On a statistical note, I'd tend to think more in terms of medians and would
think hard before replacing any outliers, but that's another matter.
Here I created the dataframe dd with the means column of D in its first column,
and then populated with a 1 whenever the value of D for that cell was greater
than 4 times the mean for that row -your definition of 'outlier'.
> dd <- rep(0,15*7)
> dim(dd) <- c(15,7)
> dd[,1]<- D[,1]
> for (i in 1:15){
+ for (j in 2:7){
+ dd[i,j] <- D[i,(j+1)]/D[i,2]>4
+ }
+ }> dd
[,1] [,2] [,3] [,4] [,5] [,6] [,7]
[1,] 1108 0 0 0 0 0 0
[2,] 1479 NA NA 0 1 0 0
[3,] 1591 0 0 0 0 0 0
[4,] 3408 0 0 0 0 0 0
[5,] 3423 NA NA NA 1 0 0
[6,] 3872 0 0 0 0 0 1
[7,] 5823 0 0 0 0 0 0
[8,] 6051 NA NA NA NA 0 0
[9,] 8099 0 0 0 0 0 0
[10,] 8100 NA NA NA NA 0 0
[11,] 10640 1 1 1 0 0 0
[12,] 12600 0 0 0 0 0 0
[13,] 14680 0 0 1 0 0 1
[14,] 14698 0 0 0 0 0 0
[15,] 17143 0 0 0 0 0 0
So, you encounter four situations:
a) as in row 2, you have an outlier preceded and followed by values
b) as in row 5, you have an outlier preceded by an NA
c) as in row 6, there is an outlier in the last column
d) as in row 11, there are two or more consecutive outliers
The replacement rule you described would only apply to situations a) (ie
replacing the outlier by the mean of the preceding and subsequent values), and
b) (replacing it by the mean for the row).

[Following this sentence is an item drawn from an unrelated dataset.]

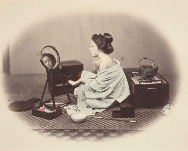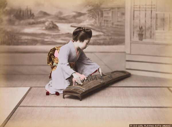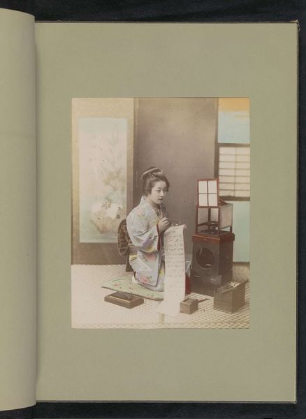 This photograph, of unknown authorship, presents a seated woman writing a letter. The composition is structured by a grid formed from the tatami mats, which are echoed in the linear patterns of the woman's kimono. Notice how the use of dark and light tones guides our eye. Dark wooden boxes anchor the foreground, while the white letter and box, centrally placed, draw our immediate attention. The fan display behind the woman provides a softer, curved contrast to the overall rectangularity. Consider how this image uses geometric forms and tonal variations to communicate not just a scene, but also a cultural and social order. The meticulous arrangement of objects and the woman's poised posture suggest themes of ritual, communication, and perhaps, regulated expression. The artist uses these formal elements to construct a narrative that invites ongoing contemplation.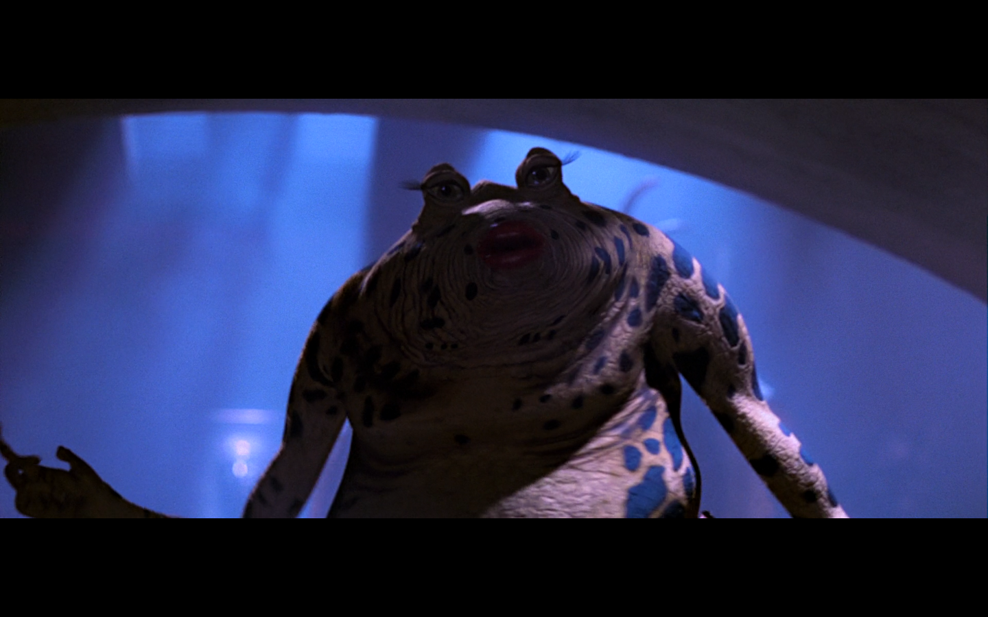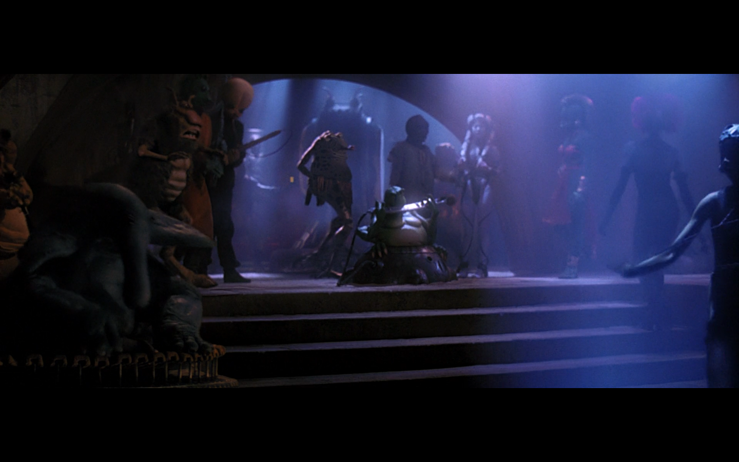 The FUCK is this creepy ass space frog outside the palace? Also, if Jabba’s such a badass crime lord (which he is), why is this palace off in the middle of nowhere, and why does he seem to be doing nothing but lounging around?

But what of situations c) and d)?
And, because this is just a chunk of a bigger dataset, you can also get an
outlier in the first column, followed by a number. Again, your rule has not
accounted for this situation either.
Hope this helps,
Jos?
-----Original Message-----
From: r-help-bounces at r-project.org [mailto:r-help-bounces at r-project.org]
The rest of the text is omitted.